:: Your objective ::
Make an exact copy, from the records below, of the lines from the line containing "After updating the" to the line containing "Projet de villa", both lines included, excluding pictures.

:: Material to process ::
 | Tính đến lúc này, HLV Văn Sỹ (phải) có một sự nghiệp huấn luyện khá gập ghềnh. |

==

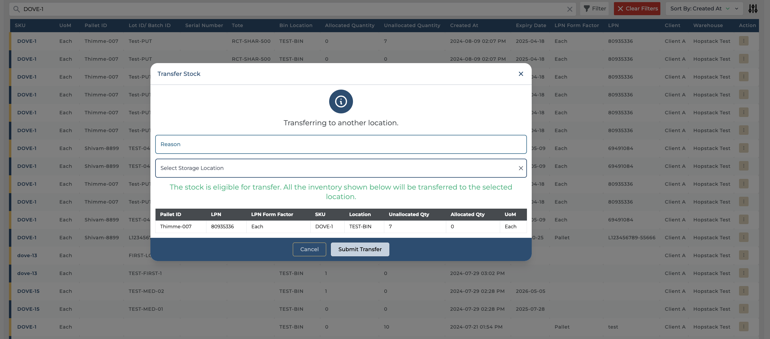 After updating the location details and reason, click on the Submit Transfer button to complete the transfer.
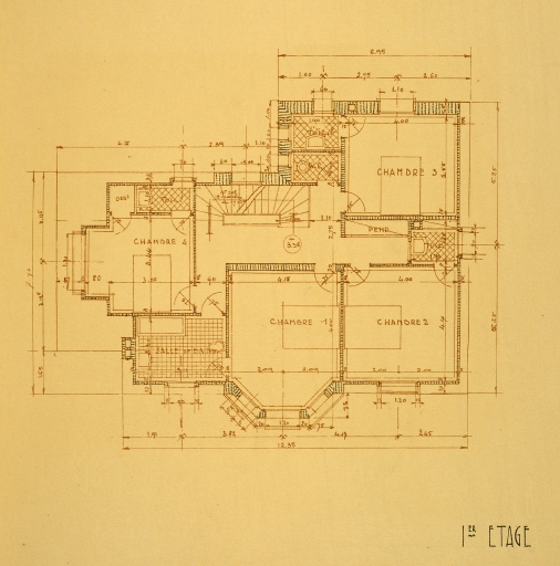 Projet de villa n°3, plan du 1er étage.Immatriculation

---

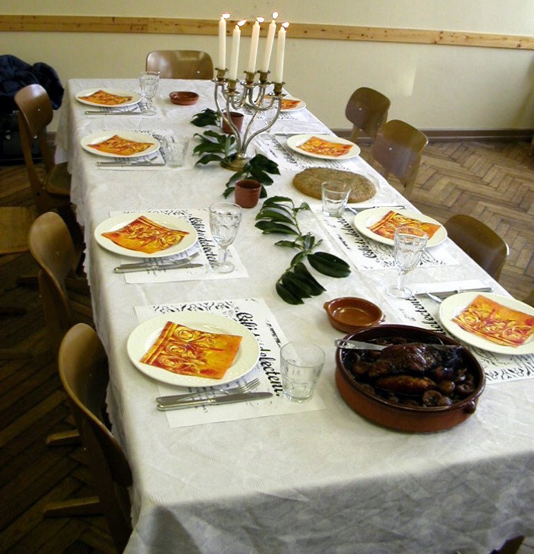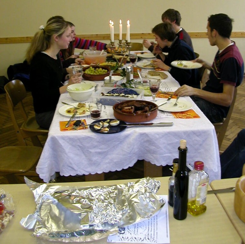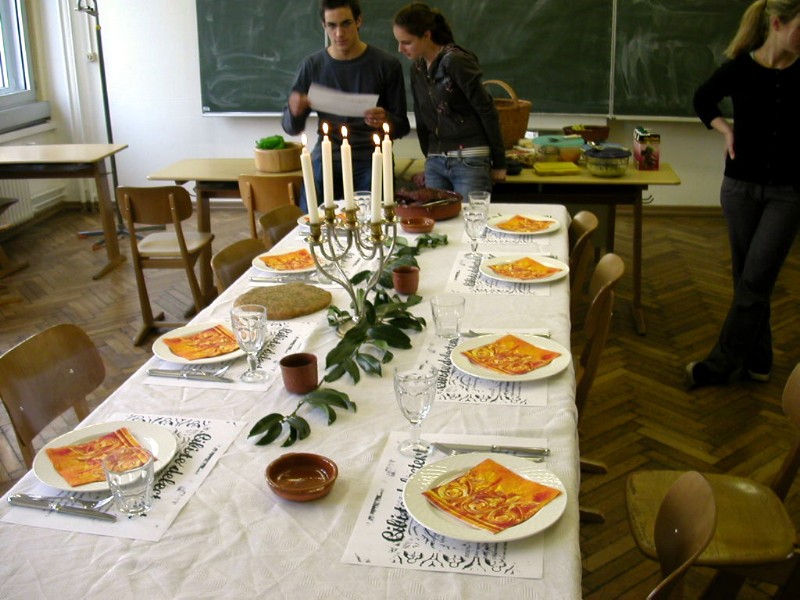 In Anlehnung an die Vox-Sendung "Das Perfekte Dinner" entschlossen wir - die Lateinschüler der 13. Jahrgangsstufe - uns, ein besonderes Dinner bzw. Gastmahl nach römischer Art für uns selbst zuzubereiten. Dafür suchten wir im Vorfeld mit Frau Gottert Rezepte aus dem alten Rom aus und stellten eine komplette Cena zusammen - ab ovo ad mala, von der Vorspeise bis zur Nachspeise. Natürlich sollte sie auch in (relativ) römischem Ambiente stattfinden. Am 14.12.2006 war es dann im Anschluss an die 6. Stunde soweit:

:: Result below ::
 After updating the location details and reason, click on the Submit Transfer button to complete the transfer.
 Projet de villa n°3, plan du 1er étage.Immatriculation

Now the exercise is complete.